Gullible viewers of the 2018 Oscars might have a very different opinion of Meryl Streep today! The 68-year-old was the butt of jokes throughout the Sunday, March 4 ceremony, starting with host Jimmy Kimmel's opening monologue. So let's just get this out of the way right now — Jimmy was kidding when he said Meryl had done time in jail.
"Right here in the front row, maybe the greatest actor of all time, Meryl Streep is here with us," the late-night comedian said in his routine, pointing out the Best Actress nominee. "She earned her 21st Oscar nomination. Meryl's film career started in 1977. The longest she ever went without being nominated was from 1992 to 1995… and that's only because those were the years she was in prison, and that, I think, is amazing."
(Later that night, when Jennifer Lawrence asked her co-presenter Jodie Foster why was using crutches on-stage, Jodie blamed her injury on Meryl, joking, "Yeah, she I, Tonya'd me.") Meryl didn't win this year — her performance in The Post was bested by Frances McDormand's in Three Billboards Outside Ebbing, Missouri — but that certainly doesn't diminish her Oscars glory. Meryl has won two Best Actress awards (for Sophie's Choice in 1982 and The Iron Lady in 2011) and one Best Supporting Actress award (for Kramer vs. Kramer in 1979).
This is actually the second straight year that Jimmy teased Meryl in his Academy Awards opening monologue. "One [actor] in particular has stood the test of time for her many uninspiring and overrated performances," he said at the 2017 Oscars. "Meryl, stand up, if you would. Everybody, please join me in giving her a totally undeserved round of applause, will you? The highly overrated Meryl Streep, everyone."
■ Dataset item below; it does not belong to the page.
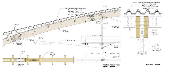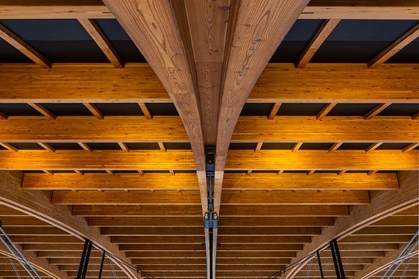 在建筑內(nèi)部,膠合層壓板木材允許跨越90米的無(wú)柱空間。設(shè)計(jì)團(tuán)隊(duì)解釋說(shuō):“我們采用了一種簡(jiǎn)單的結(jié)構(gòu),即使用具有高熱容的大型膠合層壓板的單個(gè)構(gòu)件,而不是由若干小構(gòu)件組成的桁架,以保證耐火性能和結(jié)構(gòu)的穩(wěn)定性?!?/P>
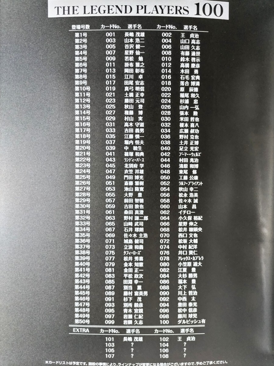 ベースボールマガジン社より2009年1年間かけて毎週発売された雑誌に付いていた付録カード100枚コンプリート。

And this January, when the actress appeared on Jimmy Kimmel Live!, Jimmy challenged her to name all 20 of the Oscar nominations she had received by that point — and she only remembered six! So no, Meryl did not injure Jodie, nor did she go to prison. Her sainthood is still intact. Or should we say, she's not nearly as devilish as a certain Prada-wearing alter-ego of hers?